I like the type of food that Jamie Oliver cooks - slightly rustic but using the best ingredients - and I've eaten at 15 and at 15 in Cornwall.


----------



## yuns555 (Mar 6, 2006)

bourdain quit smoking. but he still :beer:


----------



## cookingangry (Mar 28, 2008)

Ramsay, Batali, Bourdain, Marco Pierre White, Tom Collichio, Daniel Boulud. Those are the ones with their own shows that I would like to work for. Oh, and I suppose Eric Ripert has a show... "Avec Eric"? 

So Ramsay and Ripert have restaurants with 3 Michelin stars so I guess they are at the top but Daniel Boulud is supposed to be increadible to work for and everything I have seen of him and read of him makes me place him just as high. On his show, "After Hours" he cooks a chicken in a pig's bladder for some friends. It was pretty awesome.

That said, I'll likely be applying to Ramsay's place in L.A. this summer. It recieved a Michelin star a month after opening and the critic from the L.A. Times thinks that once they find their grove, they will compete for best restaurant in the city.


----------



## koukouvagia (Apr 3, 2008)

At least with Batali it's easy to find some of his recipes online, but the other guys don't really share as far as I can see.

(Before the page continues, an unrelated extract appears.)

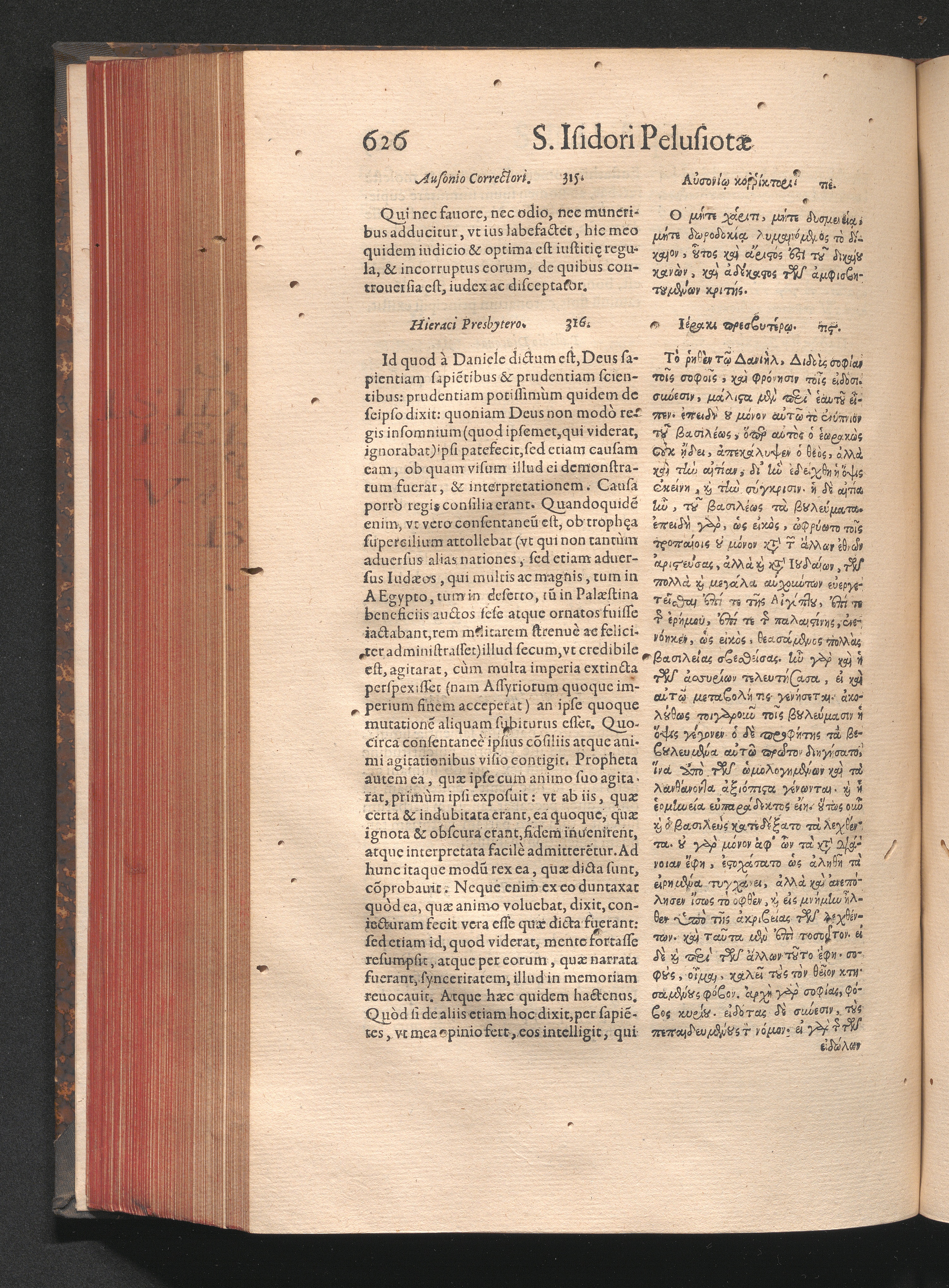 Epistolai tu hagiu Isidōru tu Pēlusiōtu / Quibus è regione accessit latina Clariss. viri Iacobi Billii Prunęi, S. Michaëlis in Eremo quondam Cœnobiarchæ, interpretatio
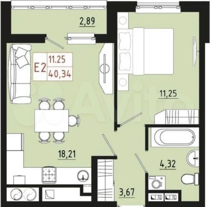 Общая площадь 42 м2

I can only speak for chefs who's food I eaten or made.


----------



## hime (Jan 14, 2007)

Tom Collichio


----------



## cookingangry (Mar 28, 2008)

Koukouvagia,

All of the chefs I've mentioned have published cookbooks that aren't at all hard to find. Online info is fine but the crap they publish on food network.com is exactly that, crap that's watered down for the simple minded demographic of that station. It is therefore no indication of a chef's ability or level of achievement.

Ramsay - Amazon.com: Gordon Ramsay's Three Star Chef: Gordon Ramsay: Books

Colicchio - Amazon.com: Craft of Cooking: Notes and Recipes from a Restaurant Kitchen: Tom Colicchio: Books

Ripert - Amazon.com: Le Bernardin Cookbook: Four-Star Simplicity: Maguy Le Coze, Eric Ripert: Books

Bourdain- Amazon.com: Anthony Bourdain's "Les Halles" Cookbook: Classic Bistro Cooking: Anthony Bourdain: Books

White - Amazon.com: White Heat: Marco Pierre White, Bob Carlos Clarke: Books

Boulud - Amazon.com: Braise: A Journey Through International Cuisine: Daniel Boulud: Books


----------



## chefhow (Oct 16, 2008)

Martin Yan, Jaques Pepin, and Rick Bayless. All of them are absolutely BRILLIANT when it comes to food and the knowledge they bring. They are all past the point in their careers where the ego is over inflated so they have humility and are humble which makes working for and learning from them MUCH more appealing.


----------



## cookingangry (Mar 28, 2008)

+1 Pepin is very complete when discussing techniques in his books.


----------



## bikehunter (Jun 15, 2008)

I think Pepin is obviously the best teacher, and Bourdain is obviously the best to party with.


----------



## phatch (Mar 29, 2002)

I don't see anything but the PBS chef's on a regular basis. But what bit's I've seen of the main one's mentioned on commercial TV nauseates me. Of course, I don't have cable or satellite and these shows are not good advertising for me to sign up either. 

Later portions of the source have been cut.